Direct naar artikelinhoud

Achttien autofabrieken te veel in Europa

Om de bestaande overcapaciteit in de Europese auto-industrie weg te werken, zouden nog achttien fabrieken van de omvang van Aulnay gesloten moeten worden, zo stelt onderzoeksbureau IHS. Vandaag rolde de laatste auto van de band in de fabriek van PSA Peugeot Citroën.

De sluiting van de fabriek nabij Parijs vormt slechts een stap in de verdere afbouw van de overcapaciteit in de Europese auto-industrie, stellen de analisten van het beurshuis CM-CIC.

De verkoop van auto's op de Europese markt zit op het laagste niveau in twee decennia. Volgens het onderzoeksbureau IHS kunnen de Europese autofabrieken, inclusief de Russische, als ze op volle toeren draaien 26 miljoen auto's per jaar produceren. Dat zijn er 7 miljoen meer dan er in werkelijkheid worden geassembleerd.
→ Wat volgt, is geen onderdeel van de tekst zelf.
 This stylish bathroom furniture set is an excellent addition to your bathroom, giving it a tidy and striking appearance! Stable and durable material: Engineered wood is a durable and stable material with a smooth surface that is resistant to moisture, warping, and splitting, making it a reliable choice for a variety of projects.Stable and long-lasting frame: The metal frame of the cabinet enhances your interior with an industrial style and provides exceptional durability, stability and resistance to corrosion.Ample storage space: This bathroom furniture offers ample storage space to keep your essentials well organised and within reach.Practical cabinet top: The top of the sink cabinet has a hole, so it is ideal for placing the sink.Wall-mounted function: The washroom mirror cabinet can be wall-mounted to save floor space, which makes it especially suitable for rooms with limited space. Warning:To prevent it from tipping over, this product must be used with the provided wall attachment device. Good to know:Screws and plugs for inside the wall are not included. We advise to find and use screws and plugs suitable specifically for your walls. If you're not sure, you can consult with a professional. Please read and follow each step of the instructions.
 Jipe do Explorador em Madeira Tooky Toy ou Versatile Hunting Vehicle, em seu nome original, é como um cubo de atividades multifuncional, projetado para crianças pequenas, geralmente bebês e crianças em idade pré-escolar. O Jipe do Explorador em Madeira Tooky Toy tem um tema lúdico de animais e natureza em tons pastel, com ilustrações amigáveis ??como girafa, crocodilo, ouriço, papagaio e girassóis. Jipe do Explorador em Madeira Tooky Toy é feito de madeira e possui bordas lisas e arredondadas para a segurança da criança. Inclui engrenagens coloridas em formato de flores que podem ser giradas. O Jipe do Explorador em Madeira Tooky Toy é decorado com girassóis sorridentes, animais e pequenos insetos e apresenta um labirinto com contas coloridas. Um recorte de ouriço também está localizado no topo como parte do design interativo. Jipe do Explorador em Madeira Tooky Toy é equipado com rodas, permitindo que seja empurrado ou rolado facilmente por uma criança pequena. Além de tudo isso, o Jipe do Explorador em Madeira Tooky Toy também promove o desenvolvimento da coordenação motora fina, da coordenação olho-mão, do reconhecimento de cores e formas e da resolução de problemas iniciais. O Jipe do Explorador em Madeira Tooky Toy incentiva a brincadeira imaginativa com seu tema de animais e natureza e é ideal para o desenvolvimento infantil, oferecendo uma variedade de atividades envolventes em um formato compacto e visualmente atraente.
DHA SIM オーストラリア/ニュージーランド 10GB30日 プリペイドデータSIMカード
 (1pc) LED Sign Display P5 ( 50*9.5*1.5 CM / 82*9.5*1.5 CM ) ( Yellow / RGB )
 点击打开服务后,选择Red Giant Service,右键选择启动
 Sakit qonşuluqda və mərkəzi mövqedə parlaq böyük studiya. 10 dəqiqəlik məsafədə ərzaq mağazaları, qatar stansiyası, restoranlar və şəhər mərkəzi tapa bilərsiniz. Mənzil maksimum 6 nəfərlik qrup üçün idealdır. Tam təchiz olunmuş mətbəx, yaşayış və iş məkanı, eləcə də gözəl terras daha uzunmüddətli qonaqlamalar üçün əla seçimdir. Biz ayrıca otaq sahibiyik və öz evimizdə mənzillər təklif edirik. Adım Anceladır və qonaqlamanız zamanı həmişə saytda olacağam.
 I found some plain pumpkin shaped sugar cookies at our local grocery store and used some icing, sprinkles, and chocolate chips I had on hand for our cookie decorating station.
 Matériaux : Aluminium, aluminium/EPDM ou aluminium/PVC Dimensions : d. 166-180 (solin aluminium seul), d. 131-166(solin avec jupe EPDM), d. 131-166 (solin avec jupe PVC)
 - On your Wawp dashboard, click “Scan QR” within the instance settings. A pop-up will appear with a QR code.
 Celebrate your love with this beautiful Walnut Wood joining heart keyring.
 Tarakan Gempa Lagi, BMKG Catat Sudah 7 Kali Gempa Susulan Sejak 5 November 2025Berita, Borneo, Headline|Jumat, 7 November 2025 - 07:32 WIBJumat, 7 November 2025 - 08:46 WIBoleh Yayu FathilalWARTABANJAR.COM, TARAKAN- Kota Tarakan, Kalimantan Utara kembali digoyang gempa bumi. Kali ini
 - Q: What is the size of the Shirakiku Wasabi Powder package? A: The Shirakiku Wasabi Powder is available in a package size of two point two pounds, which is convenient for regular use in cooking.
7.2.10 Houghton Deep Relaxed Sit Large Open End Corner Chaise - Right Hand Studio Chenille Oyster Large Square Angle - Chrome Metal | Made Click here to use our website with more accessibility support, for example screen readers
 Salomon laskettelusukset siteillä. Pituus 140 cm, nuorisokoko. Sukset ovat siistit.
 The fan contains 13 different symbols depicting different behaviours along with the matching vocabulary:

"Om de productiecapaciteit in overeenstemming te brengen met de vraag zouden nog achttien fabrieken van de omvang van die van Aulnay gesloten moeten worden", aldus IHS. Om rendabel te zijn moet een autofabriek minstens op 80 procent van zijn capaciteit draaien, zo stelt CM-CIC nog.

De cijfers moeten wel gerelativeerd worden, in die zin dat een theoretische capaciteit met twee ploegen uiteraard kleiner is dan met drie. Zo doet de Audifabriek in Vorst het erg goed, maar die werkt maar met twee ploegen. En in Rusland zijn er plannen om tal van onderbenutte fabrieken te sluiten of af te slanken.

Ford kondigde vorig jaar aan dat het drie fabrieken in Europa gaat sluiten, waaronder die in Genk.